Zu wenig Angebote zur Fort- und Weiterbildung
Ein weiterer Grund für Überforderung liegt offenbar in Problemen in der Klassenführung durch mangelnde Kenntnisse zum Umgang mit traumatisierten Flüchtlingen. Obwohl landläufig bekannt ist, dass hier zum Teil mit hohem Aggressionspotenzial aufgrund von Flashbacks von Kriegserlebnissen zu rechnen ist, fehlt es an Unterstützung durch sozialpädagogische Fachkräfte, durch Aus- und Weiterbildungsmaßnahmen in der psychosozialen Unterstützung von Flüchtlingen und durch Supervision für Lehrkräfte in Intensivklassen durch den schulpsychologischen Dienst.
Die fünftägige Basisqualifikation für DaZ und DaF in Intensivklassen, die zu Beginn des Schuljahres für neu eingestellte Lehrerinnen und Lehrer durchgeführt wurde, wurde ausnahmslos als unzureichend beurteilt. Es besteht diesbezüglich auch bei den bereits eingestellten Lehrkräften großer Weiterbildungsbedarf. Dazu kommt, dass Unterricht in der Herkunftssprache nur noch im geringen Umfang durchgeführt wird, was allen wissenschaftlichen Erkenntnissen zum Spracherwerb bei Mehrsprachigkeit entgegenläuft. Auch hierfür sollten wieder mehr Stellen bereitgestellt werden.
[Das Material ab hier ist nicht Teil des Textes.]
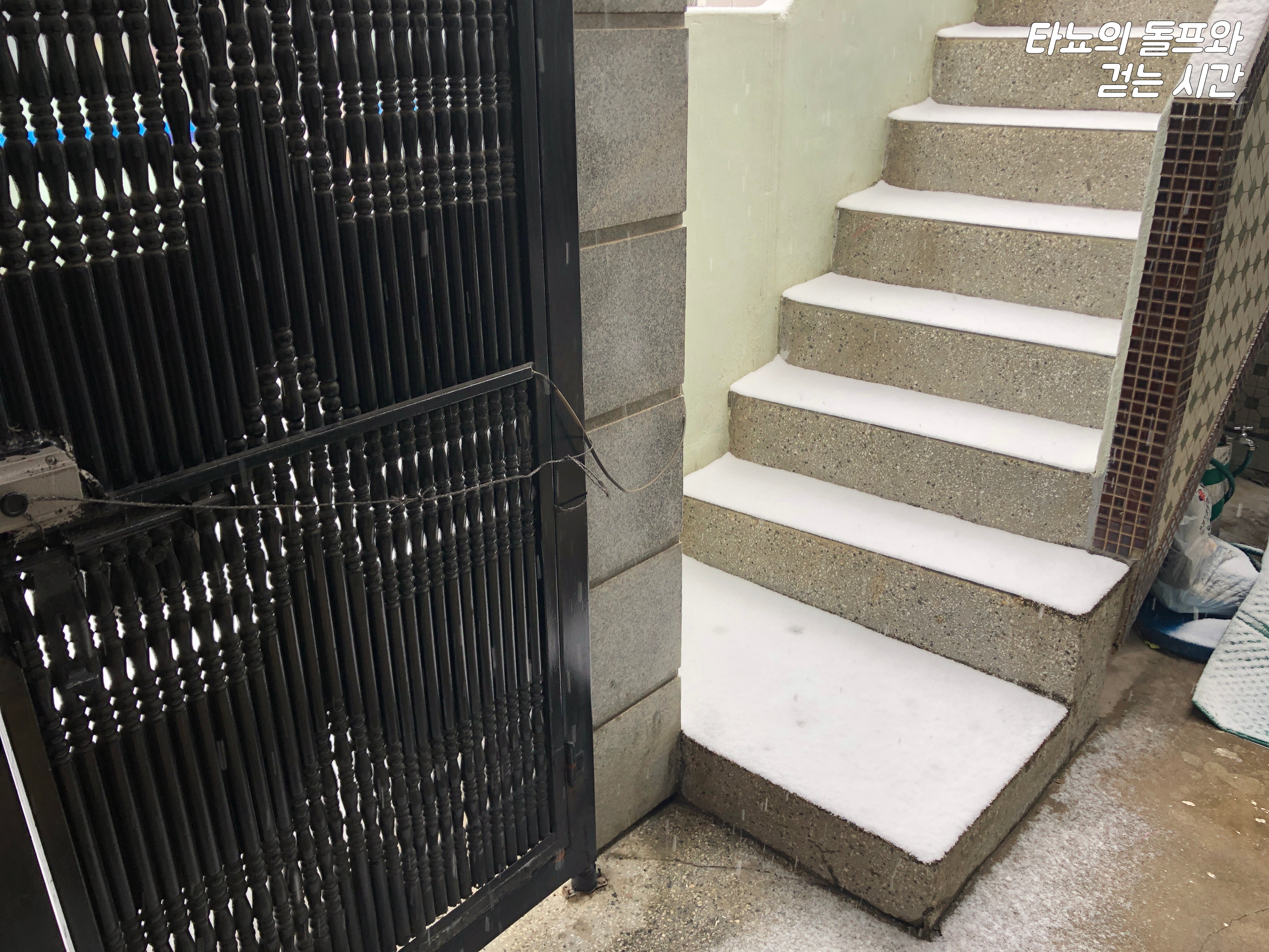 ▲ 친정에 갔다가 외출을 하려고 나서니 2층으로 가는 계단에 눈이 소복하게 쌓였더라고요.

Da Schülerinnen und Schüler in den Intensiv- und InteA-Klassen zu großen Teilen in die Regelklassen der allgemeinbildenden und in die besonderen Bildungsgänge der berufsbildenden Schulen wechseln werden, müssen Lehrkräfte im Bereich DaF/DaZ in jedem Fach, auch an Gymnasien, für sprachsensiblen Unterricht qualifiziert und fortgebildet werden. Dazu müssen von Beginn an Plätze in Regelklassen freigehalten werden. Zuweisungen sollten so erfolgen, dass auch hier zumindest in ausgewählten Fächern wie Deutsch und Fremdsprachen eine Doppelbesetzung der Lehrerinnen und Lehrern erfolgt. Es sollten maximal drei Intensivklassen pro Schule und nicht mehr als 25 Prozent Flüchtlingskinder in einer Bestandsklasse aufgenommen werden.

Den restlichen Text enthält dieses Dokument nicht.